Key Growth Driver Description
Order book for Engineering & Infrastructure segment 3.7 times the sales of FY’23, ensuring revenue visibility for the next 3-4 years.
Surge in global inquiries and benefiting from China plus one trend The company is benefiting from the increasing demand for its products and services from global customers.
Robust order backlog The company has a strong order backlog, which indicates that there is continued demand for its products and services.
Jal Jeevan Mission initiative The government’s Jal Jeevan Mission initiative is expected to boost demand for PVC pipes and fittings, which will benefit the company.
Strong balance sheet and improving profitability The company’s strong balance sheet and improving profitability will support its growth initiatives.
Increase exports and elevate global positioning The company is looking to increase its exports and elevate its global positioning.
Strengthening customer relationships The company is strengthening its long-standing relationships with customers, which will help it to grow its business.

Industry Outlook

On September 1, 2023, the demand for electricity in India reached a peak of 239.97 GW. In January 2024, the sector utilisation of thermal power reached 72.2%.

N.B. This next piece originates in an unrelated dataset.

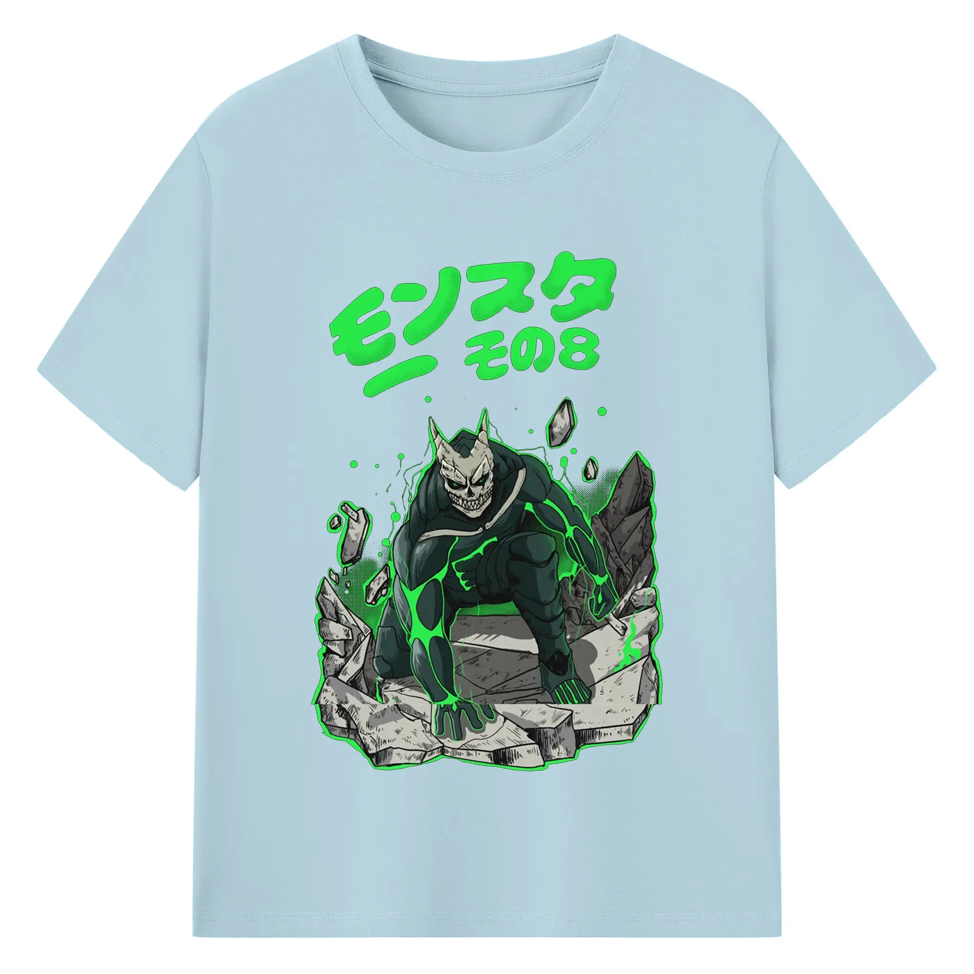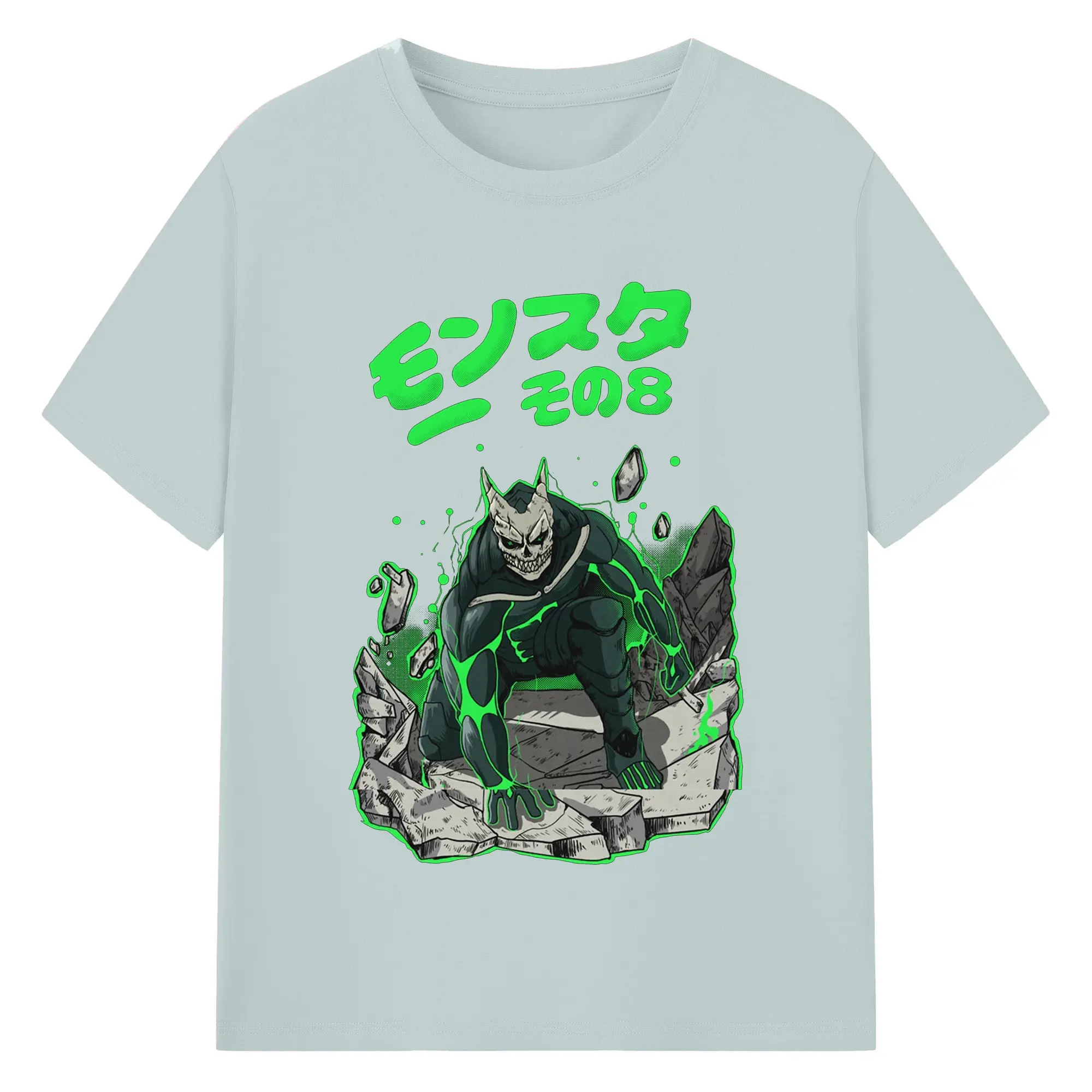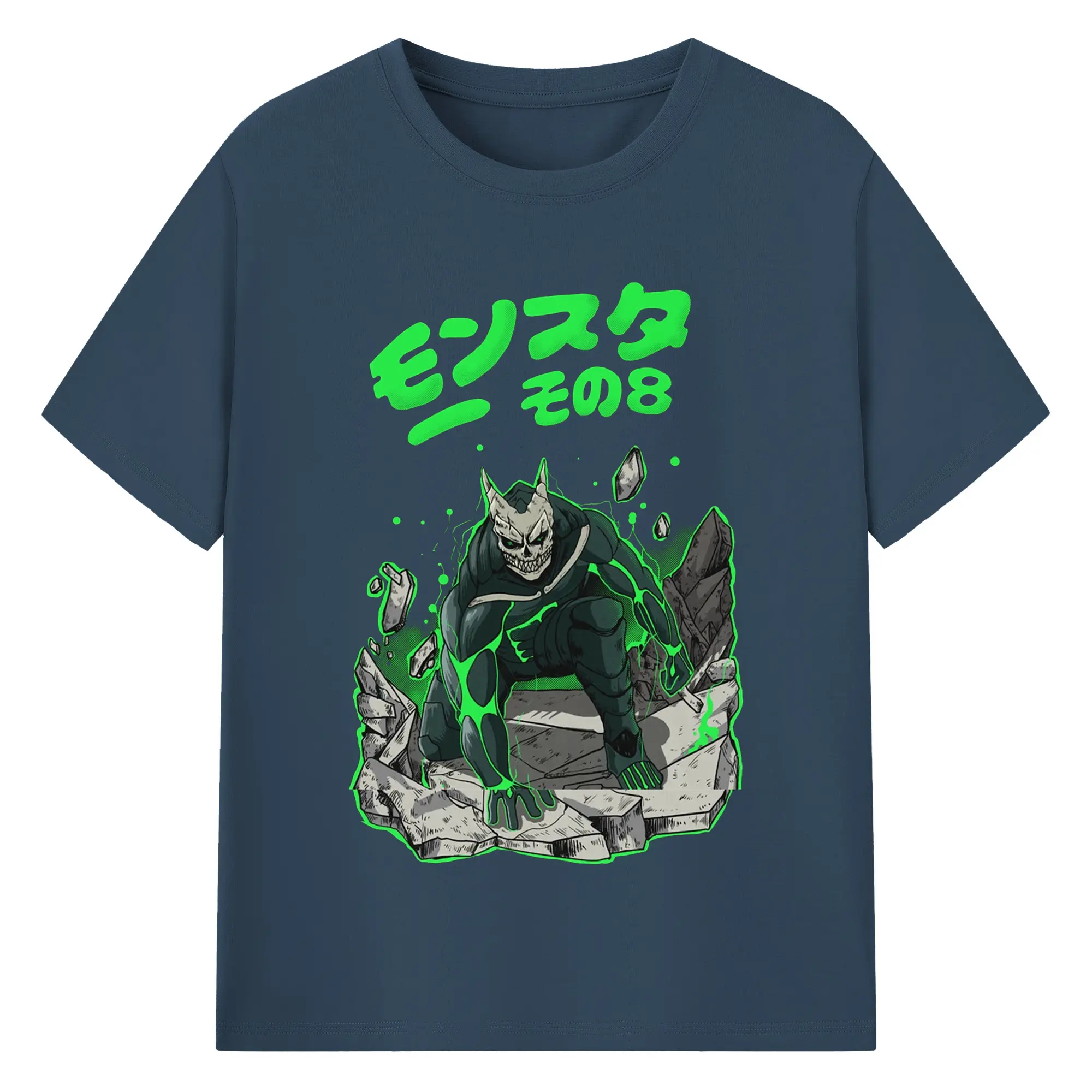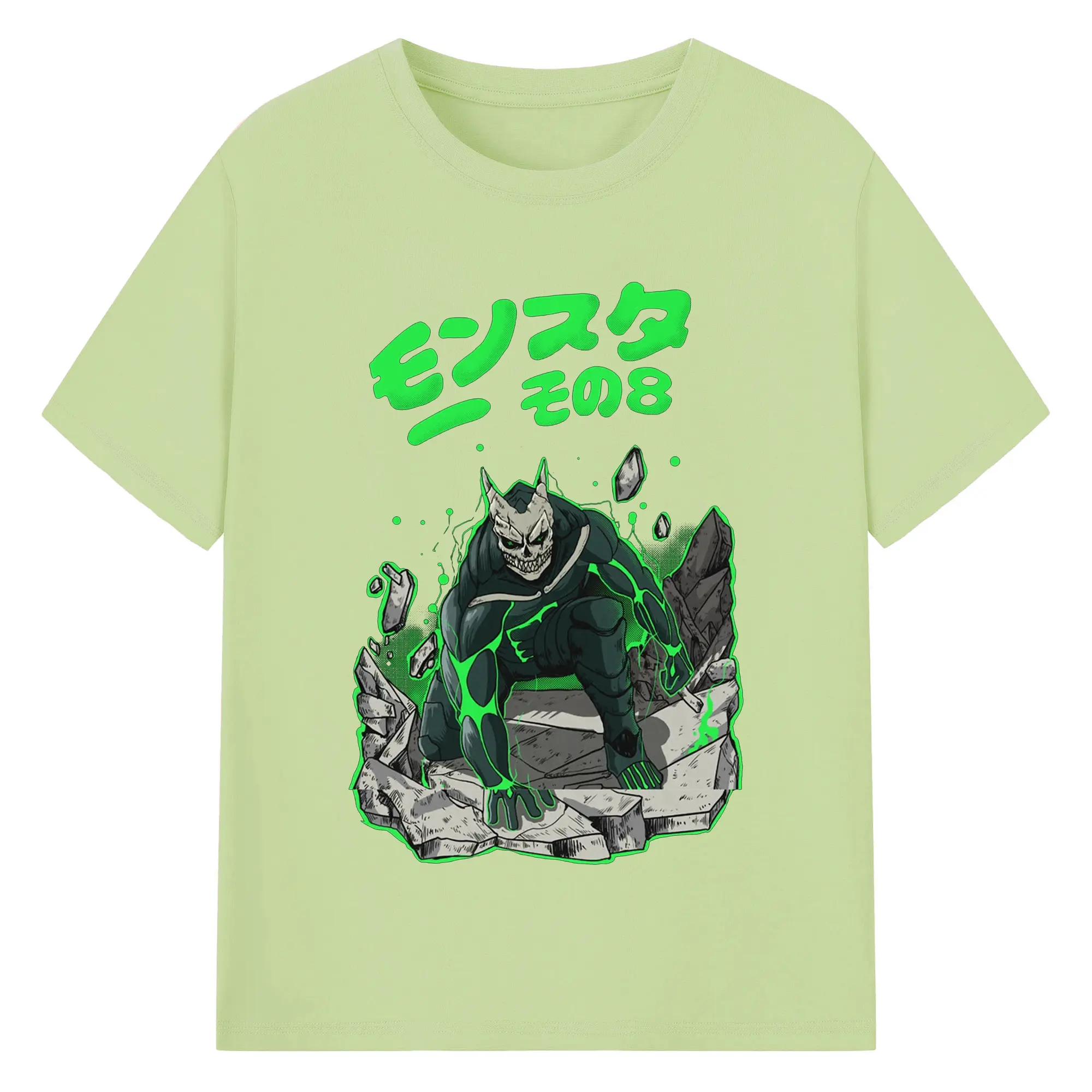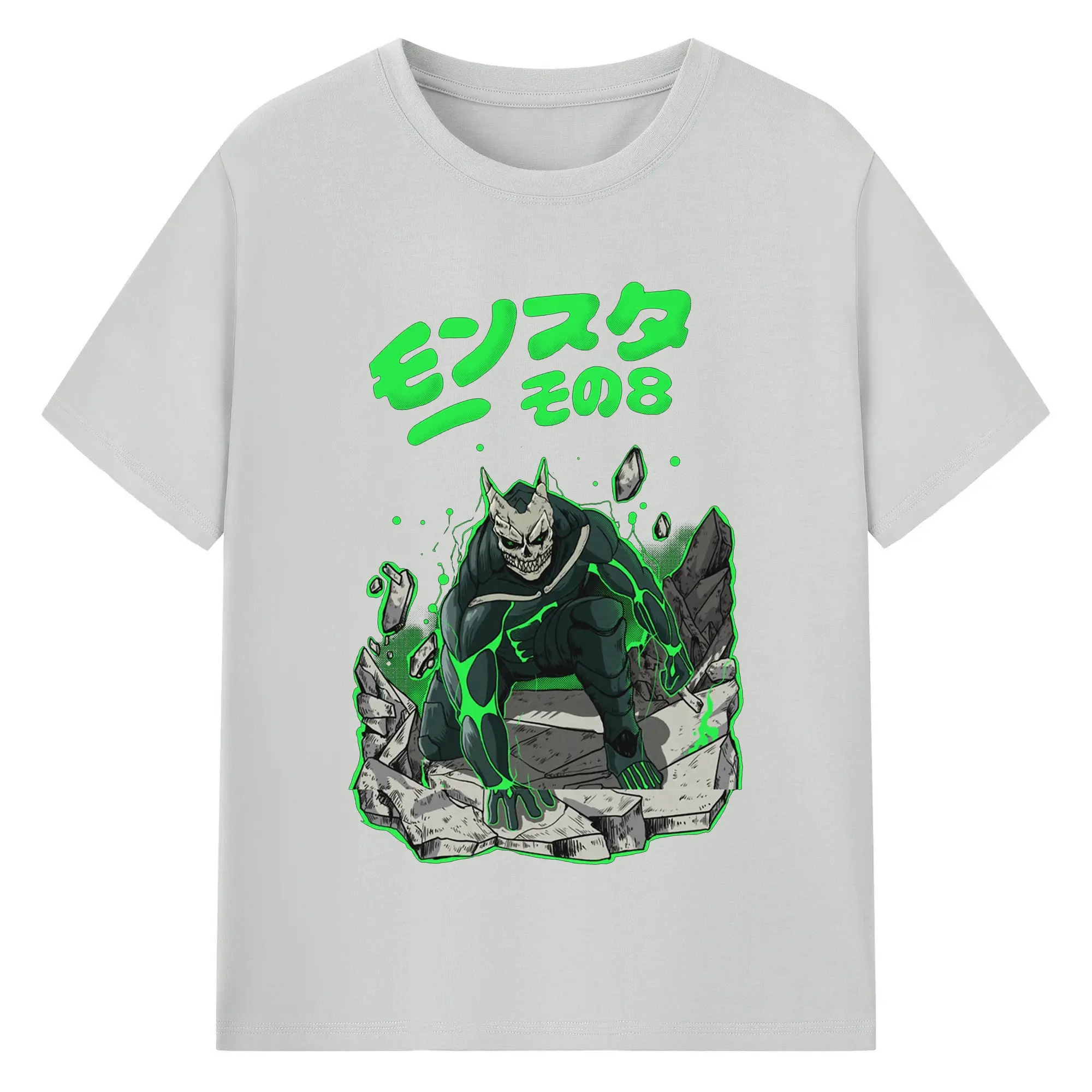 怪獣8号モンスターその8限定 - 綿100% ヴィンテージ風 半袖Tシャツ ・ フロントプリント ・ 柔らか肌触り ・ 通気性 快適 ・ スポーツ カジュアル 外出用

The need for additional transmission networks will rise as a result of local and international investment in T&D infrastructure for renewable energy sources.

By 2030, India wants to generate 500 GW of electricity from renewable sources and invest Rs 2.4 trillion to construct around 50,890 CKM of transmission lines.

Future Anticipation

  • Company anticipates aiming for greater margin orders in the next months.
  • Company expects the polymer segment to continue growing at a similar rate in the second half of the year.
  • Over the next three years, we anticipate revenue growth at a 25% CAGR.
  • Company hopes to take advantage of opportunities in conjunction with government efforts and anticipates development in the worldwide transmission line sector.
  • Company anticipates keeping the engineering segment’s margin at about 12% and the infrastructure segment’s margin at between 9% and 10%.
  • The increase of capital return ratios and bottom-line profitability remain the main priorities.

Shareholding Pattern

Shareholding Pattern

Disclaimer: This blog has been written exclusively for educational purposes. The securities mentioned are only examples and not recommendations. It is based on several secondary sources on the internet and is subject to changes. Please consult an expert before making related decisions.